■ Material provided:
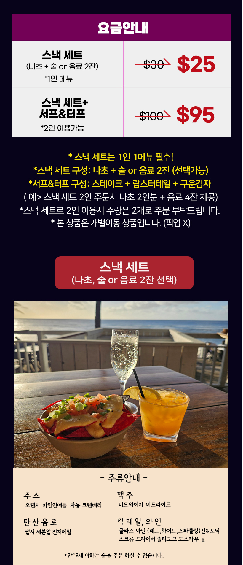 - 알코올 주문시 신분증(여권 등)을 챙겨주세요.
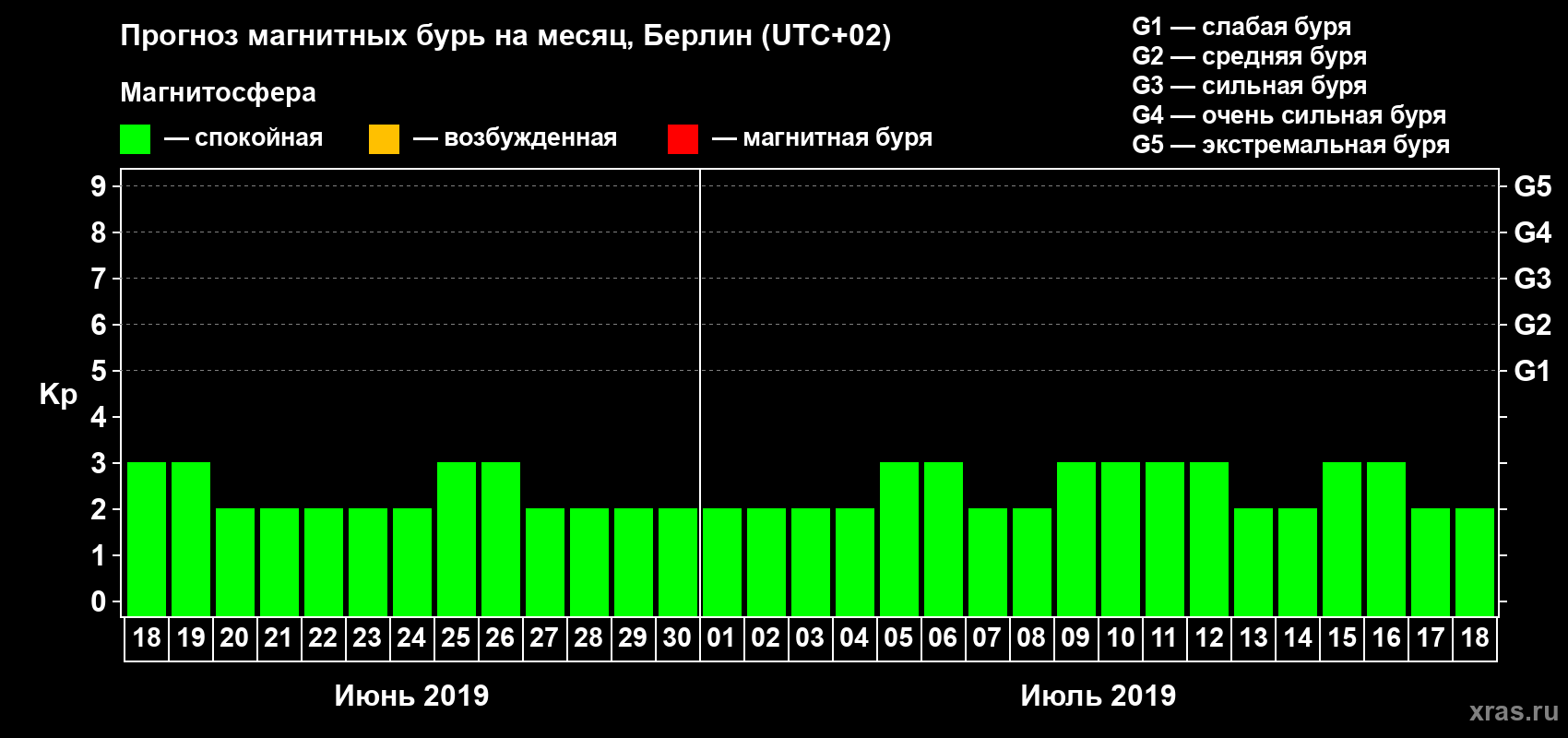 Прогноз магнитных бурь в Берлине — 18 июня 2019 года
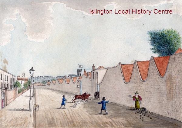 Herding bulls back in through the Liverpool Road side entrance to Laycock's Dairy and Cattle Layers run by Richard Laycock, one of the largest dairies in the country. A woman, surprised by the activity, has dropped her vegetable basket.
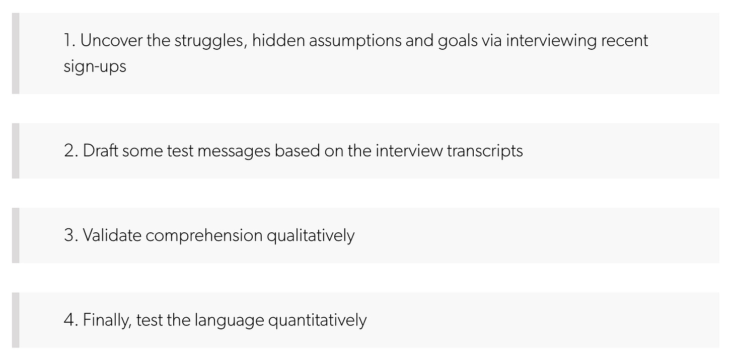 Working backwards, every successful startup creates something that people find truly useful. If you cannot even describe what your customers are trying to do in simple language, how long will it take you to invent a product they will love? With clear validated language, you can improve every aspect of the customer experience.
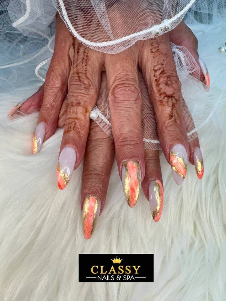 The graceful combination of a peachy nude shade with fluid gold accents is truly captivating. The metallic details appear almost hand-painted, lending the nails an organic and artistic finish.
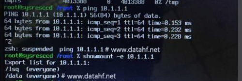 再查看10.1.1.1机器上的NFS共享的目录是否能够访问,命令:showmount –e 10.1.1.1,

■ Exercise details: Whatever pictures the records hold, omit them; give again exactly the lines from the one containing "Прогноз магнитных бурь" through the one containing "Herding bulls back".

■ Answer to this problem:
 Прогноз магнитных бурь в Берлине — 18 июня 2019 года
 Herding bulls back in through the Liverpool Road side entrance to Laycock's Dairy and Cattle Layers run by Richard Laycock, one of the largest dairies in the country. A woman, surprised by the activity, has dropped her vegetable basket.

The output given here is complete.